Рид оглянулся на меня, его глаза сверкнули под фонарем.
— Это очень хорошее предложение.
— Было бы, если бы я не шутил, — я засунул руки в карманы куртки, чтобы у меня не возникло соблазна сделать какую-нибудь глупость, например, схватить его за руку, а потом, проходя мимо, подтолкнуть его.
— Ну же, копуша.
— Я не копуша.
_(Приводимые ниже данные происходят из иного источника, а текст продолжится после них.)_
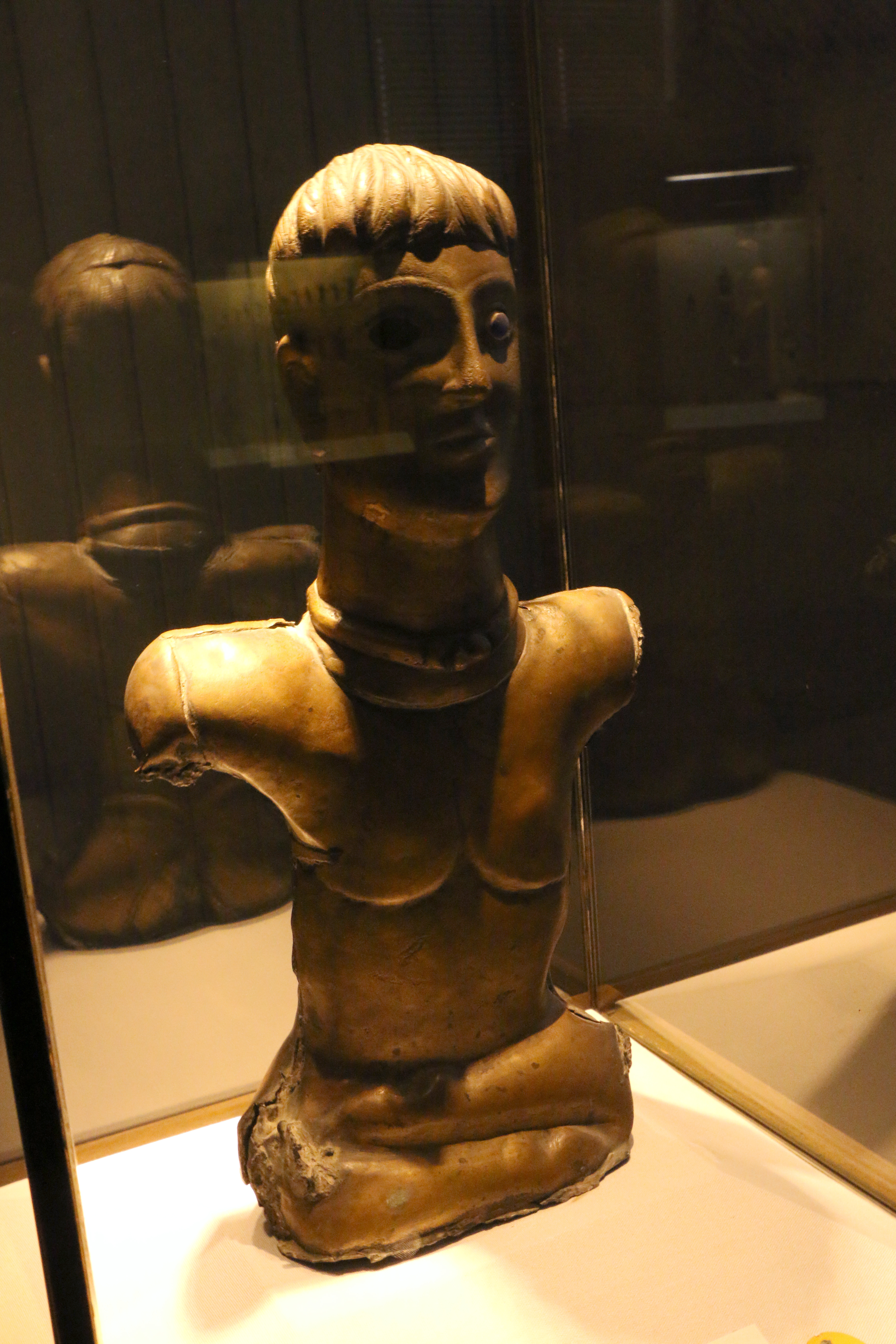 From the National Archaeological Museum of Saint-Germain-en-Laye near Paris France - Celtic god statue from Bouray-sur-Juine in France

Я сытый.
Я усмехнулся, когда он сделал вид, что переваливается с ноги на ногу позади меня, и замедлился, чтобы он догнал меня.
— Ты был тут в последнее время? — спросил я, кивнув в сторону Броуд-стрит. «В переводе: Ты вообще помнишь центр города Флойд Хиллз?» Когда Рид покачал головой, я посмотрел на крошечные белые огоньки, висевшие на деревьях вдоль улиц, придавая центру города праздничное сияние в эти мрачные и серые февральские дни.
— Не хочешь посмотреть?
Рид улыбнулся.
— Да. Мне бы этого очень хотелось.
Мы шли по тротуару, и я, останавливаясь, рассказывал о магазинах, ресторанах и барах, мимо которых мы проходили, многие из которых должны были уже закрываться. Рид жадно слушал, задавая вопросы, или шутил, когда мы вглядывались в витрины.
Когда мы подошли к Newton’s Music, Рид остановился и, прищурившись, посмотрел на вывеску, прежде чем снова посмотреть на витрину магазина.
— Я знаю это место, — пробормотал он, подходя к витрине, чтобы заглянуть внутрь.
— Ты был тут раньше?
— Я... мне так кажется, — он смотрел на различные музыкальные инструменты, гитары и барабанную установку, но, когда его взгляд остановился на маленьком рояле, его рука поднялась к стеклу.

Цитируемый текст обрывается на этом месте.